R Part Three: Regression

Regression analysis is a form of predictive modelling technique which investigates the relationship between a dependent (target) and independent variable (s) (predictor). This technique is used for forecasting, time series modelling and finding the causal effect relationship between the variables. For example, relationship between rash driving and number of road accidents by a driver is best studied through regression.

3.1 Basic linear regression

Linear Regression establishes a relationship between dependent variable (Y) and one or more independent variables (X) using a best fit straight line (also known as regression line). R provides comprehensive support for multiple linear regression.

Fitting the linear model

Create a vector x from 1 to 100, added by normal distributed random value as noises

> x<-seq(1,100,by=1)+rnorm(100)

> x

Create y

> y<-x*15+rnorm(100,sd=50)+5

> y

Learn the Pearson Correlation between x and y

> cor.test(x,y)

Fit the linear regression model between x and y

> mydata<-data.frame(x,y)

> fit <- lm(y ~ x, data=mydata)

> summary(fit)

Show the model coefficient, squared R, and predicted y

> coefficients(fit)

> fitted(fit)

> summary(fit)$adj.r.squared

The linear model will be:

> formula<-paste0("y=",coefficients(fit)[2],"*x+",coefficients(fit)["(Intercept)"])

> formula

Plotting the linear regression

> plot(y~x)

> abline(fit, col="red")

Try to linear model with log transformation

> x<-seq(1,100,by=1)+abs(rnorm(100))

> y<-log(x)*3+rnorm(100)

> mydata<-data.frame(x,y)

> fit<-lm(y~log(x),data=mydata)

> plot(y~x)

> lines(x,fitted(fit),col="red")

> The regression model will be:

> formula<-paste0("y=",coefficients(fit)[2],"*log(x)+",coefficients(fit)["(Intercept)"])

> formula

3.2 logistic regression

Logistic regression is used to find the probability of event=Success and event=Failure. We should use logistic regression when the dependent variable is binary (0/ 1, True/ False, Yes/ No) in nature. Here the value of Y ranges from 0 to 1 and it can represented by following equation.

odds= p/ (1-p) = probability of event occurrence / probability of not event occurrence

If p(success) = p(failure), then odds(success) = 1 (or 1 to 1, or 1:1).
If p(success) < p(failure), then odds(success) < 1.
If p(success) > p(failure), then odds(success) > 1.

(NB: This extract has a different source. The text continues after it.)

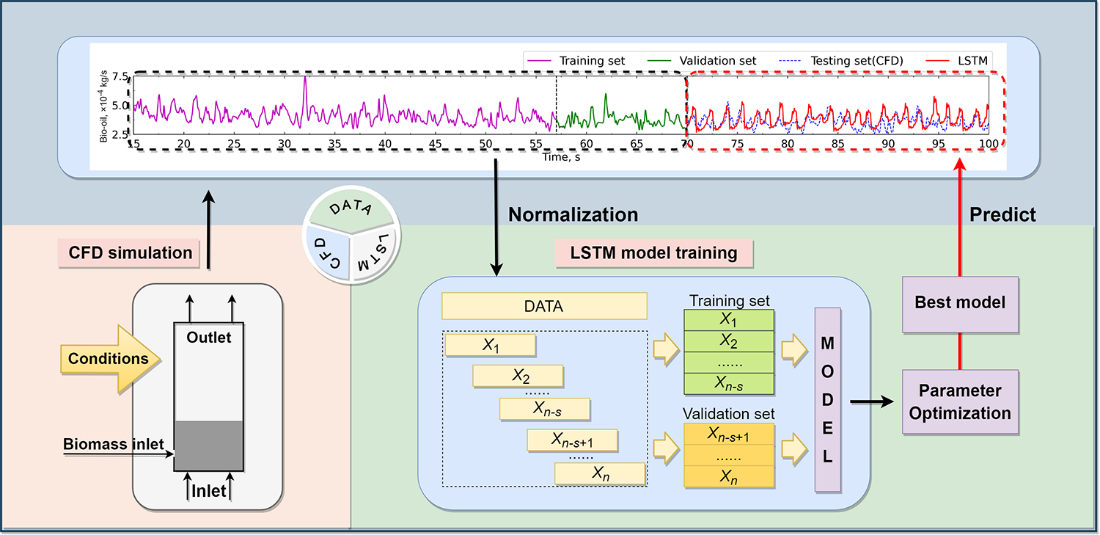 該研究成果基于精準(zhǔn)的生物質(zhì)流化床快速熱解CFD模擬數(shù)據(jù),結(jié)合深度學(xué)習(xí)模型開發(fā)了一種基于長短期記憶神經(jīng)網(wǎng)絡(luò)的CFD模擬智能加速方法。該方法能夠快速預(yù)測反應(yīng)器出口的產(chǎn)品流率,在保證足夠高預(yù)測精度的前提下降低至少30%的CFD計算需求,同時對不同工況均具有良好的適用性。研究成果為流化床生物質(zhì)快速熱解反應(yīng)器的智能設(shè)計優(yōu)化提供了一條重要途徑,能夠促進生物質(zhì)資源高效利用技術(shù)的開發(fā)及應(yīng)用,有助于我國“雙碳”目標(biāo)的實現(xiàn)。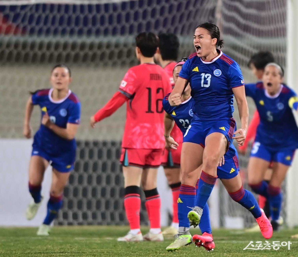 8일 경기도 이천종합운동장에서 열린 ‘신세계 이마트 초청 여자축구국가대표팀 친선경기’ 한국과 필리핀의 경기에서 필리핀 비어드가 팀 첫 번째 골을 성공시킨 후 세리머니를 하고 있다.

The natural log of odds is called the logit, or logit transformation, of p: logit(p) = loge(p/q)

If odds(success) = 1, then logit(p) = 0.
If odds(success) < 1, then logit(p) < 0.
If odds(success) > 1, then logit(p) > 0.

Logistic regression is linear regression on the logit transform of y, where y is the proportion (or probability) of success at each value of x

y=p

ln(odds)=a+bx

ln(p/(1-p))=a+bx

ln(y/(1-y))=a+bx

exp(a+bx)=y/(1-y)

y=exp(a+bx)/[1+exp(a+bx)]

R makes it very easy to fit a logistic regression model. The function to be called is glm() and the fitting process is not so different from the one used in linear regression.

Fitting the logistic model

install.packages("MASS")

library("MASS")

data(menarche)

menarche[1:20,]

plot(Menarche/Total ~ Age, data=menarche)

The x is the age, and y is the probability of menarche. And the logistic fit can be done by (try to explain what is the the meaning of Menarche and Total-Menarche here):

glm.out = glm(cbind(Menarche, Total-Menarche) ~ Age, family=binomial(logit), data=menarche)

lines(menarche$Age, glm.out$fitted, type="l", col="red")

title(main="Fitted Logistic Regression Line")

3.3 Ploynomial regression

A regression equation is a polynomial regression equation if the power of independent variable is more than 1. The equation below represents a polynomial equation like: y=a*x^3+b*x^2+c*x+d

Generate the data

x<-seq(0.1,10,by=0.1)

y<-50+0.5*(x-5)^3+rnorm(100,sd=5)

plot(y~x)

Fit the model

fit <- lm(y ~ poly(x,3))

summary(fit)

Predicted values (fit value, lower and upper values of interval):

predicted.intervals <- predict(fit,data.frame(x),interval='confidence',level=0.95)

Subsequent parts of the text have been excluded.